Work instruction:
Write out exactly the lines running from the one with "100Pcs/lot Black Nylon" to the end of the data, including both of those lines and excluding pictures.

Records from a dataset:

▼

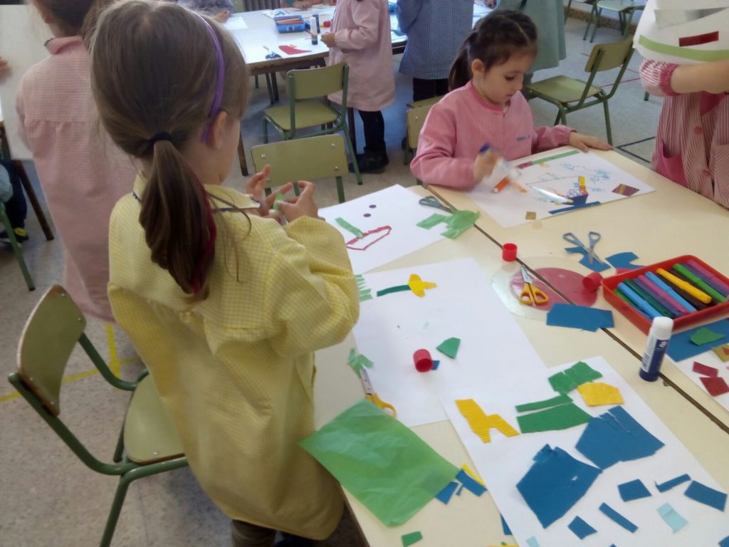 Els nens i nenes de P4 fem composicions lliures amb diferents materials (papers, gomets, retoladors, colors…) per estimular i desenvolupar la creativitat.
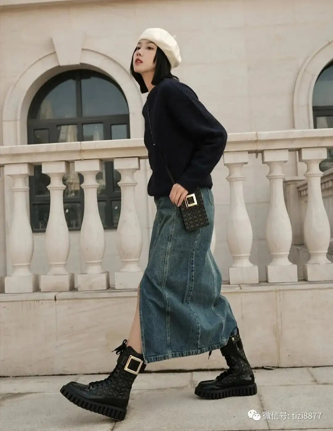 look5 大衣+黑色高领/蓝色牛仔裤./短靴
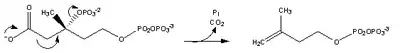 | Mevalonate-5-pyrophosphate to 3-isopentenyl pyrophosphate (IPP) (see also HIDS). | ![]() | mevalonate-5-pyrophosphate decarboxylase |
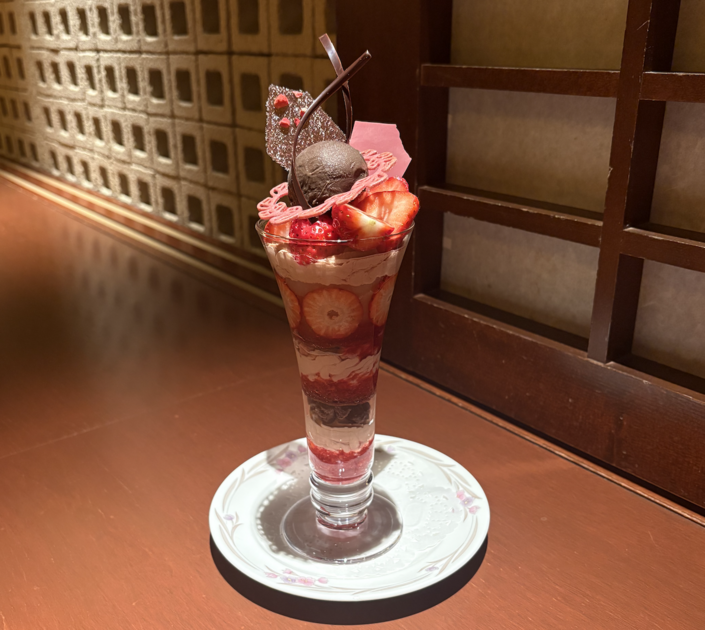 グラスいっぱいに広がる艶やかなあまりんに、まず心を奪われました。ひと口いただくと、想像を超える濃密な甘さと芳醇な香りが広がり、その後からマンジャリやルビーチョコレートのフルーティーな風味がやさしく重なります。サクサクのクランブルや繊細な飴細工の食感も心地よく、最後のひと匙まで驚きと完成度を感じる一杯。あまりんの魅力を最大限に引き出した、まさにプレミアムと呼ぶにふさわしいパフェでした。
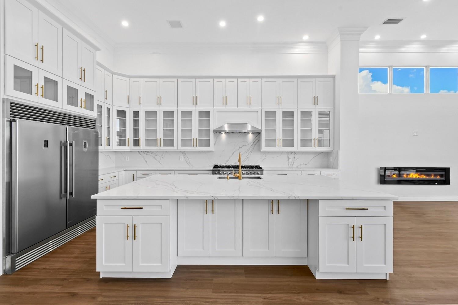 This newly totally remodeled/renovated home presents the best of both worlds combining an exterior of classic elegance and timeless grandeur of a Mediterranean home combined with a contemporary, open, modern, and luxurious stye inside that is seen in new high end homes currently being built. This beautiful residence is nearly 4,000 square feet. It has four bedrooms, five bathrooms, a pool, and a stunning backyard view of waterways, the golf course, and the magnificent, three-story Tesoro Club clubhouse. The home was built by the renowned custom home builder Costa Homes, and the home exemplifies their companies superb construction and artisanal qualities that are rarely seen in even the newest high-end homes today. While most homes around 20 years of age require extensive updating and
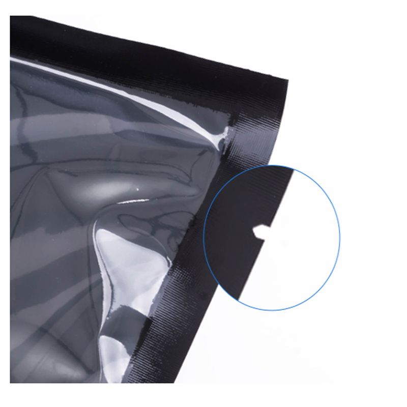 100Pcs/lot Black Nylon Open Top Vacuum Heat Sealing Food Package Bag Tear Notch One Side Clear Storage Bag
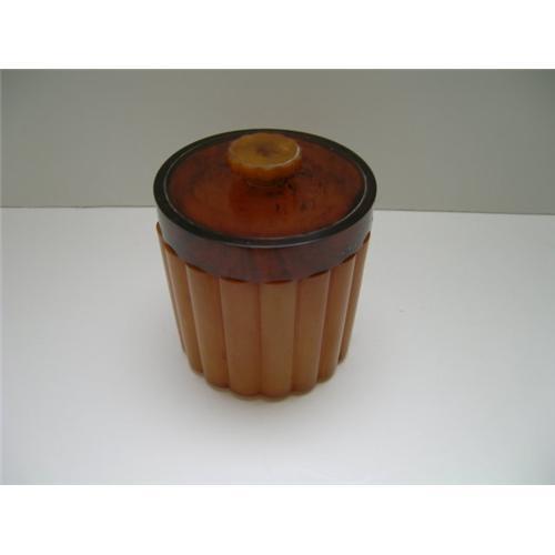 <tr><td>Title:Bakelite Butterscotch Deco Ribbed Box</td></tr>
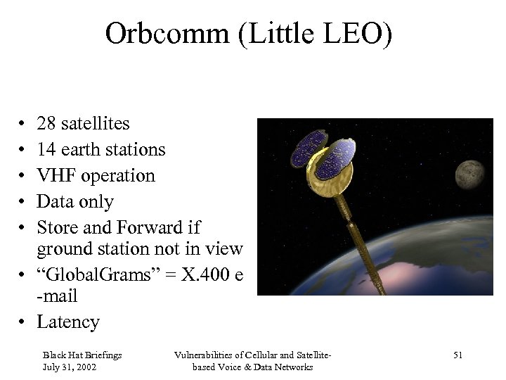 Orbcomm (Little LEO) • • • 28 satellites 14 earth stations VHF operation Data only Store and Forward if ground station not in view • “Global. Grams” = X. 400 e -mail • Latency Black Hat Briefings July 31, 2002 Vulnerabilities of Cellular and Satellitebased Voice & Data Networks 51
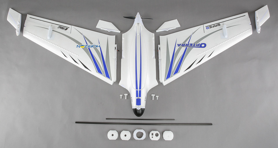 The OpterraT 2m flying wing is the collaborative effort of George Hicks and Mike McConville – two of model aviation’s premier aircraft designers. Together, they have created some of the best flying RC airplanes in the world. This one is no exception. Its lightweight construction, long wingspan and efficient aerodynamics give it a wide range of capabilities that includes everything from sport aerobatics to soaring. It even gives you the ability to put yourself in the pilot’s seat with FPV gear while using a GoPro Hero 3, Hero 4 or similar class camera to record HD video at the same time.* This Bind-N-Fly⌐ version comes with the added benefit of a SpektrumT AS3X⌐ receiver that features optional SAFE⌐ Select technology.

▲

Output of the task:
 100Pcs/lot Black Nylon Open Top Vacuum Heat Sealing Food Package Bag Tear Notch One Side Clear Storage Bag
 <tr><td>Title:Bakelite Butterscotch Deco Ribbed Box</td></tr>
 Orbcomm (Little LEO) • • • 28 satellites 14 earth stations VHF operation Data only Store and Forward if ground station not in view • “Global. Grams” = X. 400 e -mail • Latency Black Hat Briefings July 31, 2002 Vulnerabilities of Cellular and Satellitebased Voice & Data Networks 51
 The OpterraT 2m flying wing is the collaborative effort of George Hicks and Mike McConville – two of model aviation’s premier aircraft designers. Together, they have created some of the best flying RC airplanes in the world. This one is no exception. Its lightweight construction, long wingspan and efficient aerodynamics give it a wide range of capabilities that includes everything from sport aerobatics to soaring. It even gives you the ability to put yourself in the pilot’s seat with FPV gear while using a GoPro Hero 3, Hero 4 or similar class camera to record HD video at the same time.* This Bind-N-Fly⌐ version comes with the added benefit of a SpektrumT AS3X⌐ receiver that features optional SAFE⌐ Select technology.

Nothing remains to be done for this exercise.